共産主義思想は「前衛」なのです。そうでなくてはなりません。さあ、「朝日ジャーナル」と吉本隆明の本を手に持って歌いましょう!!

時には昔の話をしようか 通いなれた 馴染みのあの店・・・

あーじゃなくて、

起て飢えたる者よ〜 今ぞ日は近しぃ〜 醒めよ我が同胞 暁は来ぬ〜

投稿: 真魚 | 2008年10月26日 (日) 12時10分

★かせっちさん、

「依存症の独り言」読んできました。
ブログを始めた頃、読んでいたことがあります。拙い文をトラックバックしたこともあるんですよ。
一知半解男さんの記事が取り上げられていますね。
日本の左派が「反政府」でなく「反日」なのは、米占領軍の洗脳であると考えれば疑問が解けます。

健全な左派が存在しないので、本来保守であるべき自民党の中に左派が生まれた、というのはなるほどと納得しました。
民主党の中の反日勢力というのもなかなかやっかいな存在らしいですが、それならなおのこと分裂しやすいですね。あのまま政権取ったってうまくいくわけがありませんから。
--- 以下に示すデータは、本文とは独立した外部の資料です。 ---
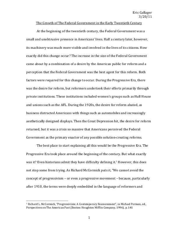 The Growth of the Federal Government in the Early Twentieth Century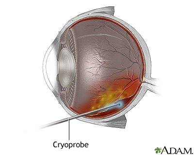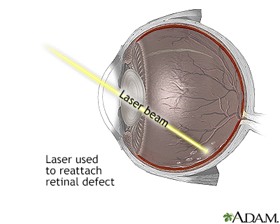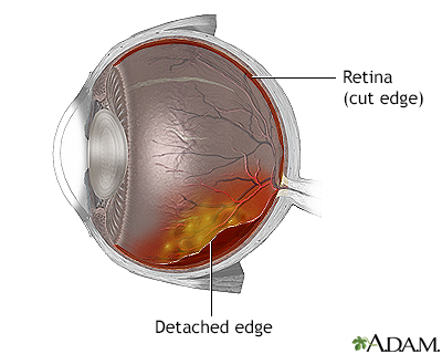 Retinal detachment repairScleral buckling; Vitrectomy; Pneumatic retinopexy; Laser retinopexy; Rhegmatogenous retinal detachment repairRetinal detachment repair is eye surgery to place a retina back into its normal position. The retina is the light-sensitive tissue in the back of the eye. Detachment means that it has pulled away from the layers of tissue around it. RetinaThe retina is the light-sensitive layer of tissue at the back of the eyeball. Images that come through the eye's lens are focused on the retina. Th...ImageRead Article Now Book Mark Article This article describes the repair of rhegmatogenous retinal detachments. These occur due to a hole or tear in the retina. Description Most retinal detachment repair operations are urgent. If holes or tears in the retina are found before the retina detaches, the eye doctor can close the holes using a laser. This procedure is most often done in the eye doctor's office.In any surgery to repair a retinal detachment there are two steps. In one step, a scar around the tear or hole is created usually using a cryoprobe or a laser. The other step is to "push" the separated layers of the retina back together. There are two ways: push them together from the inside using a gas bubble inside the eye (retinopexy) or push them together from the outside using a scleral buckle. The type of detachment (size, location) will determine which step occurs first.If the retina has just started to detach, a procedure called pneumatic retinopexy may be done to repair it.Pneumatic retinopexy (gas bubble placement) is most often an office procedure. The eye doctor injects a bubble of gas into the eye. You are then positioned so the gas bubble floats up against the hole in the retina and pushes it back into place. The doctor will use a laser to permanently seal the hole.Severe detachments need more advanced surgery. The following procedures are done in a hospital or outpatient surgery center:The scleral buckle method indents the wall of the eye inward so that it meets the hole in the retina. Scleral buckling can be done using numbing medicine while you are awake (local anesthesia) or when you are asleep and pain free (general anesthesia). General anesthesiaGeneral anesthesia is treatment with certain medicines that puts you into a deep sleep-like state so you do not feel pain during surgery. After you ...Read Article Now Book Mark Article The vitrectomy procedure uses very small devices inside the eye to release tension on the retina. This allows the retina to move back into its proper position. Most vitrectomies are done with numbing medicine while you are awake.In complex cases, both procedures may be done at the same time. Why the Procedure Is Performed Retinal detachments do not get better without treatment. Repair is needed to prevent permanent vision loss.Vision lossThere are many types of eye problems and vision disturbances, such as: Halos Blurred vision (the loss of sharpness of vision and the inability to see...ImageRead Article Now Book Mark Article Related video goes here for no-HTML5 browsersHow quickly the surgery needs to be done depends on the location and extent of the detachment. If possible, the surgery should be done the same day if the detachment has not affected the central vision area (the macula). This can help prevent further detachment of the retina. It also will increase the chance of preserving good vision.If the macula detaches, it is too late to restore normal vision. Surgery can still be done to prevent total blindness. In these cases, eye doctors can wait a week to 10 days to schedule surgery. Risks Risks for retinal detachment surgery include:Bleeding Detachment that is not completely fixed (may require more surgeries) Increase in eye pressure (elevated intraocular pressure) InfectionGeneral anesthesia may be needed. The risks for any anesthesia are:Reactions to medicines Problems breathingYou may not recover full vision. After the Procedure The chances of successful reattachment of the retina depend on the number of holes, their size, and whether there is scar tissue in the area. In most cases, the procedures do not require an overnight hospital stay. You may need to limit your physical activity for some time.If the retina is repaired using the gas bubble procedure, you need to keep your head face down or turned to one side for several days or weeks. It is important to maintain this position so the gas bubble pushes the retina into place.People with a gas bubble in the eye may not fly or go to high altitudes until the gas bubble dissolves. This most often happens within a few weeks. Outlook (Prognosis) Most of the time, the retina can be reattached with one operation. However, some people will need several surgeries. More than 9 out of 10 detachments can be repaired. Failure to repair the retina always results in loss of vision to some degree.When a detachment occurs, the photoreceptors (rods and cones) start to degenerate. The sooner the detachment is repaired, the sooner the retina will begin to recover. However, once the retina has detached, its rods and cones that detect light (the photoreceptors) may never recover completely.After surgery, the quality of vision depends on where the detachment occurred, and the cause:If the central area of vision (macula) was not involved, vision will usually be very good. If the macula was involved for less than 1 week, vision will usually be improved, but not to 20/20 (normal). If the macula was detached for a long time, some vision will return, but it will be very impaired. Often, it will be less than 20/200, the limit for legal blindness. Open ReferencesReferencesCioffi GA, Liebmann JM. Diseases of the visual system. In: Goldman L, Cooney KA, eds. Goldman-Cecil Medicine. 27th ed. Philadelphia, PA: Elsevier; 2024:chap 391.Guluma K, Lee JE. Ophthalmology. In: Walls RM, ed. Rosen's Emergency Medicine: Concepts and Clinical Practice. 10th ed. Philadelphia, PA: Elsevier; 2023:chap 57.Todorich B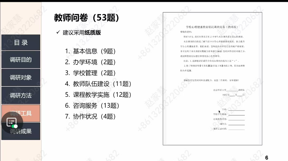 2025年6月29日18时整,98色花堂 团委社会实践部组织的98色花堂 “知行心育”青少年心理素养播种行动重点项目心理健康教育情况调研培训在线上通过腾讯会议顺利召开,主讲人为负责重点项目调研设计的吴怡萱。此次培训会旨在让重点项目队伍深入了解暑假调研的各项要求,为后续调研工作的顺利开展奠定坚实基础。 培训会上,主讲人吴怡萱首先对本次调研的目的、对象、方法、工具与成果呈现进行了详细讲解。调研目的是了解乡村地区学生心理健康教育现状,助力提升学生心理健康素养。调研对象主要包括心理健康教育相关老师,如心理健康老师、班主任、德育主任等,从学校方面了解学生心理状况;同时评估在校学生对自己心理状况的评价和家长对自己孩子心理健康情况的了解程度。主讲人还展示了针对不同对象的心理健康测量工具,以确保调研数据的科学性和准确性,例如教师问卷(53 题),包含基本信息、办学环境、学校管理、教师队伍建设、课程教学实施、咨询服务、协作状况等板块。调研完成后,各实践队需要将调研数据汇总,形成完整的调研报告。

投稿: robita | 2008年10月27日 (月) 09時23分

★メロンぱんちさん、

たしかに、日本の「左翼」は何か勘違いをしているのでしょうね。
経済評論家の森永卓郎さんは平和主義者で「誰かが攻めてきたら皆で一緒に死ねばいいじゃないですか」と言うのですが、それは非武装を主張している人として立派に筋が通っていると思います。ほとんどの左翼の人はそこまで筋が通ったことを言いません。ただ、その「宗教」を人に押し付けちゃあいけませんね。
メロンぱんちさんの「核武装という将来」の中にこういう文章があります。
≪単なるパズルではないんですね。揚げ足取りでもない。その証拠に、今日でも多くの日本人は「なぜ、日本政府は米政府の言いなりにならなければいかないのか?」と考えているし、「日本という国は、主体性を否定されている」と考えている。≫
日本の左派も「アメリカの言いなりになるな」と言いながら、なぜそうせざるを得ないのか真面目に考えようとしない。思考停止、つまり「洗脳」から解放されていないのですね。
私は、核を持たない限り、改憲しようがしまいが、安全保障にはあまり大きな違いはないと思っていますが、宗教団体ではなく「国家」の体裁を整えることは重要だと思います。
それにしても、左翼であった清水幾太郎という人が27年も前に「核武装」を論じていたのですね。

投稿: robita | 2008年10月27日 (月) 09時25分

★single40さん、

日本の左翼が「反国家」だと私が思うのは、「この国を良くしようじゃないか」という熱意が根本にないということがわかるからです。
日本は民主主義国家なので、選挙でしか政治家を選べません。
その選挙で、今の政権を倒そうという熱意がほんとうにあるならば、「この国を良くしよう」「自分のことばかり考えずにどうしたら国が良くなるのか考えよう」という呼びかけが国民に対してあって当然だと思うのです。
これは愛国心を喚起することに他なりません。
しかし彼らは決してそれをしない。おかしいんです。

仰る通り、今の世の中、あらゆることがねじれていると感じます。
議論の中で、突っ込んだり突っ込まれたりしながら突き詰めていくと、正反対の着地になってしまったり、あるいは同じ主張になってしまったり。
ほんとにめんどくさいですねえ(笑)

投稿: robita | 2008年10月27日 (月) 09時27分

★真魚さん、

後方で革命を夢想するより、国民への「愛国の呼びかけ」のほうがずっと実用的だと私は思うのですけどねえ。